Discussed by Batman vs. Predator II: Bloodmatch‘s lack-luster performance, DC and Dark Horse Comics published what would become the last installment of the batman versus predator trilogy, Batman vs. Predator III: Blood Ties (by Chuck Dixon, Rodolfo Damaggio, Robert Campanella, and Pat Garrahay). In it, a pair of Predators consisting of a father and his son arrived in Gotham to hunt the city’s supervillains. Having become familiar with the Predators’s modus operandi, Batman quickly deduced that the aliens were behind Gotham’s latest string of murders and set out to stop them, refusing to involve his then-new sidekick Tim Drake out of fear that the Predators would target him.

While Batman was out saving Catwoman from the Predators, Tim sought out help from Oracle, who told him what she knew about the Predators and Batman’s history with them. Investigating the situation on his own, Tim discovered that Mister Freeze had secretly survived an encounter with the Predators and deduced that the aliens possessed infrared vision, discovering one of the Predators’ most exploitative weaknesses.
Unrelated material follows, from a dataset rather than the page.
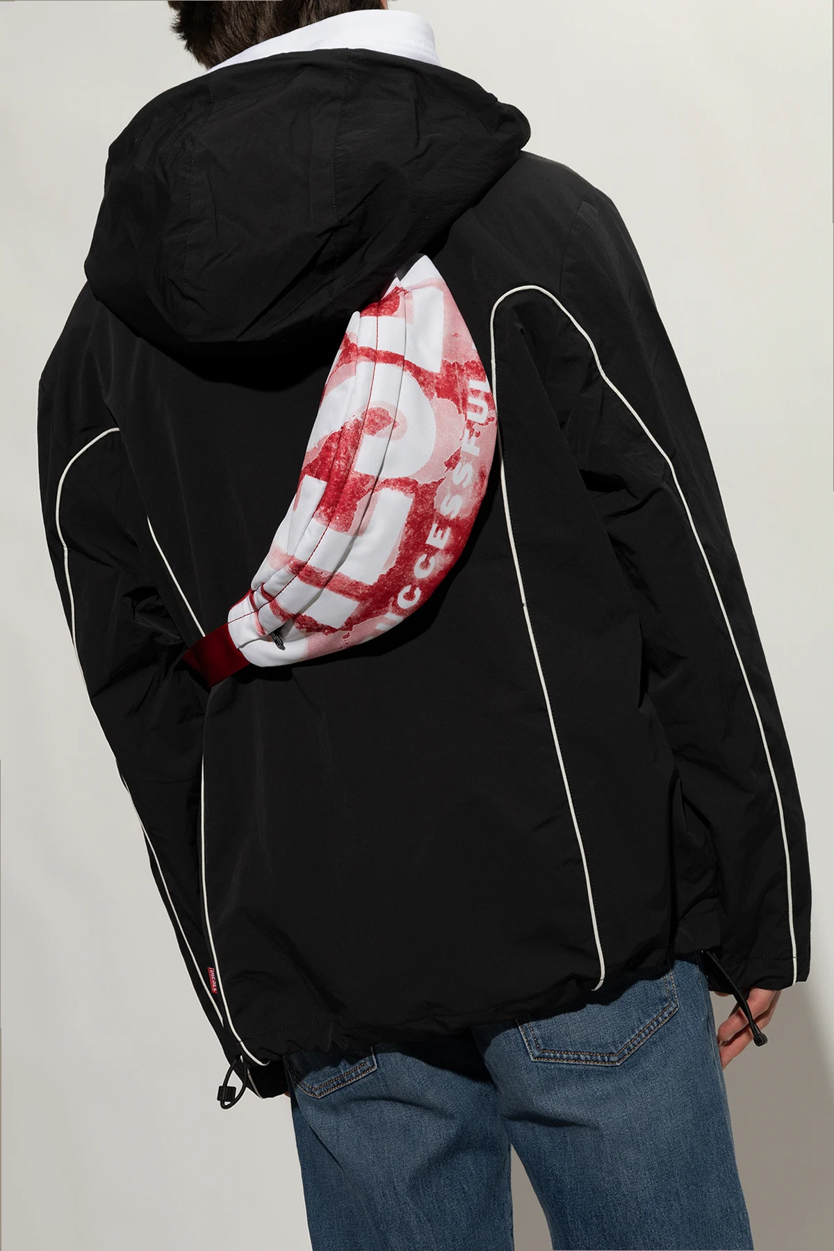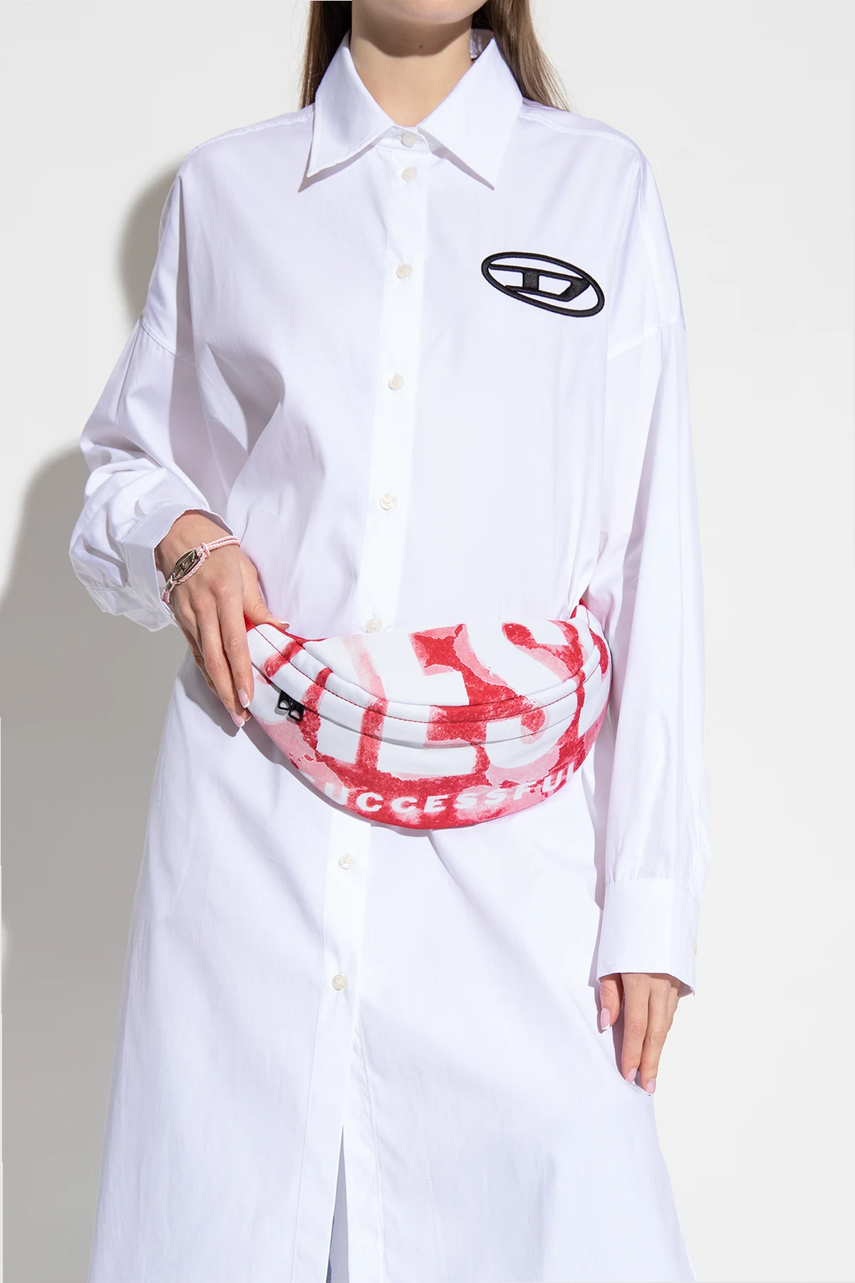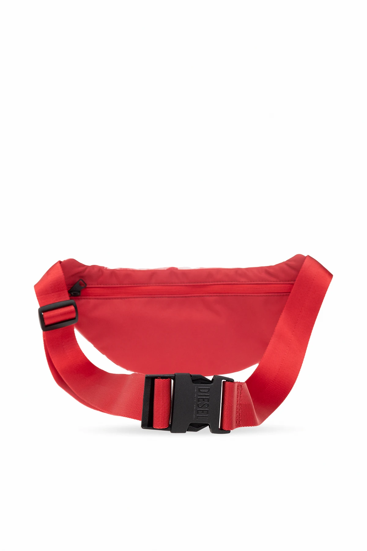 Red, pink and white ‘RAVE BELTBAG’ belt bag from Diesel. Fastened with a two-way zip, this model features logo pattern, zipped back pocket, adjustable belt, silver-tone metal hardware and one internal compartment with one zip pocket.
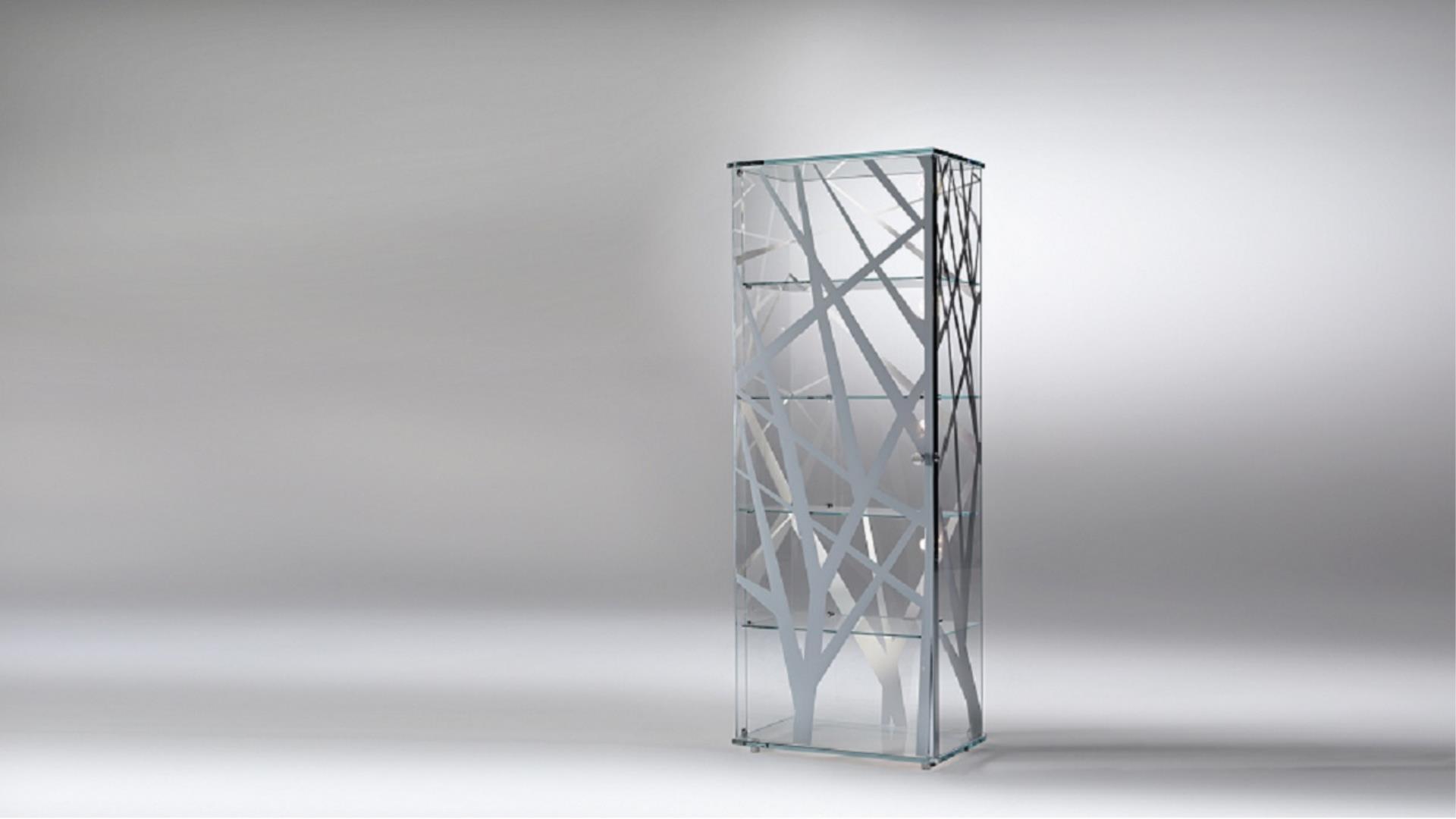Collection of display cabinets in extraclear transparent glass. Available in two different heights with adjustable metal feet or with metal base. Doors with lock and optional lighting system.

Armed with this information, Batman armed himself with one of Freeze’s old suits and confronted the elder Predator as he was preparing to attack Tim and his friends from him at a movie theater, freezing his opponent solid with Freeze’s gun.

With the elder Predator safely imprisoned in the Batcave, Alfred invited Tim to come ot the cave and finally see a PRedator for himself, only for them both to be ambushed by the younger Predator. Returning just in time to prevent the Predator from killing Alfred and Tim, Batman negotiated a hostage exchange that allowed the Predator to take his wounded father and leave Gotham unmolested. When Tim asked why the Predators seemed so interested in the two of them, Batman theorized that the Predators saw him and Tim’s parental bond as a reflection of their own.